- Collected data
=====

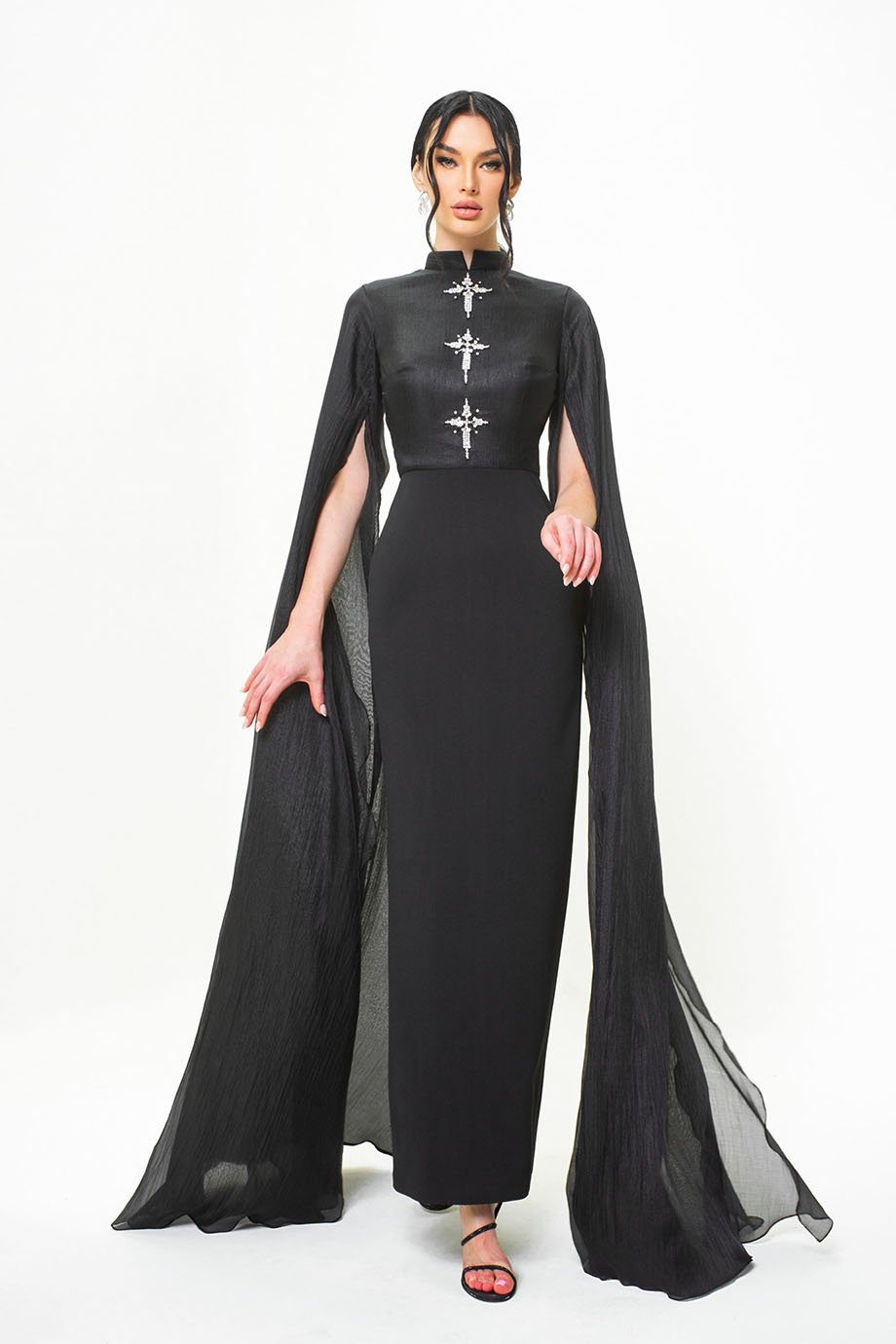 Cape sleeves kaftan in tissue organza top and light neo – crepe dress with 3 stars embroidery
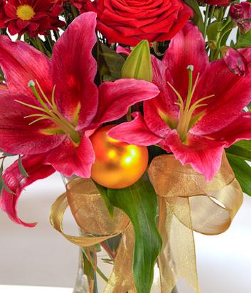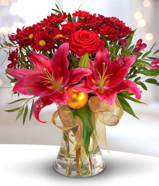 Celebrate the joy of the season with our Traditional Christmas bouquet! This stunning arrangement features vibrant red Roses, cheerful Chrysanthemums, classic Carnations and elegant pink Lilies, complemented by luscious cerise Alstromeria. Finished with a beautiful gold bauble, this eye-catching bouquet is the perfect gift to spread festive cheer. Ideal for sharing love and warmth during the holidays, it promises to delight your loved ones. Order this exquisite Christmas bouquet today and make this holiday unforgettable!
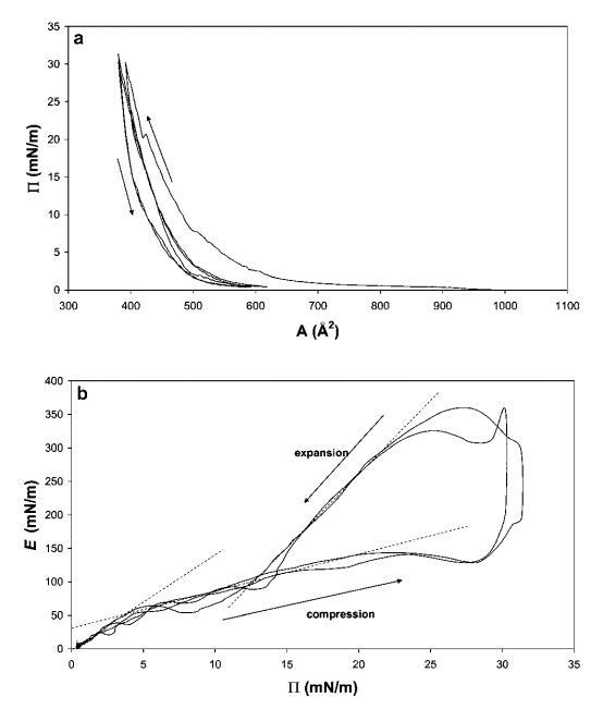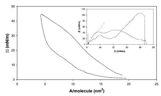 藜蘆皂甙。奎拉葉皂苷的壓縮曲線如圖6所示。該皂甙在拐點(diǎn)處顯示出非常高的表面壓力,最大表面壓力為45 mN m-1。此外,皂甙表現(xiàn)出很寬的遲滯回線。從E–P曲線推斷出斜率為4.3,觀察到E中出現(xiàn)2個(gè)平滑的峰,這可能表明界面中存在相變,從皂甙的相對(duì)拉長(zhǎng)的疏水區(qū)域判斷。27當(dāng)屏障方向逆轉(zhuǎn)時(shí),觀察到E中存在較大的超調(diào),表明膜破裂,類(lèi)似于HFBII。

=====

- Prompt
Output the full listing above exactly, excluding all pictures.

- Completed task
 Cape sleeves kaftan in tissue organza top and light neo – crepe dress with 3 stars embroidery
 Celebrate the joy of the season with our Traditional Christmas bouquet! This stunning arrangement features vibrant red Roses, cheerful Chrysanthemums, classic Carnations and elegant pink Lilies, complemented by luscious cerise Alstromeria. Finished with a beautiful gold bauble, this eye-catching bouquet is the perfect gift to spread festive cheer. Ideal for sharing love and warmth during the holidays, it promises to delight your loved ones. Order this exquisite Christmas bouquet today and make this holiday unforgettable!
 藜蘆皂甙。奎拉葉皂苷的壓縮曲線如圖6所示。該皂甙在拐點(diǎn)處顯示出非常高的表面壓力,最大表面壓力為45 mN m-1。此外,皂甙表現(xiàn)出很寬的遲滯回線。從E–P曲線推斷出斜率為4.3,觀察到E中出現(xiàn)2個(gè)平滑的峰,這可能表明界面中存在相變,從皂甙的相對(duì)拉長(zhǎng)的疏水區(qū)域判斷。27當(dāng)屏障方向逆轉(zhuǎn)時(shí),觀察到E中存在較大的超調(diào),表明膜破裂,類(lèi)似于HFBII。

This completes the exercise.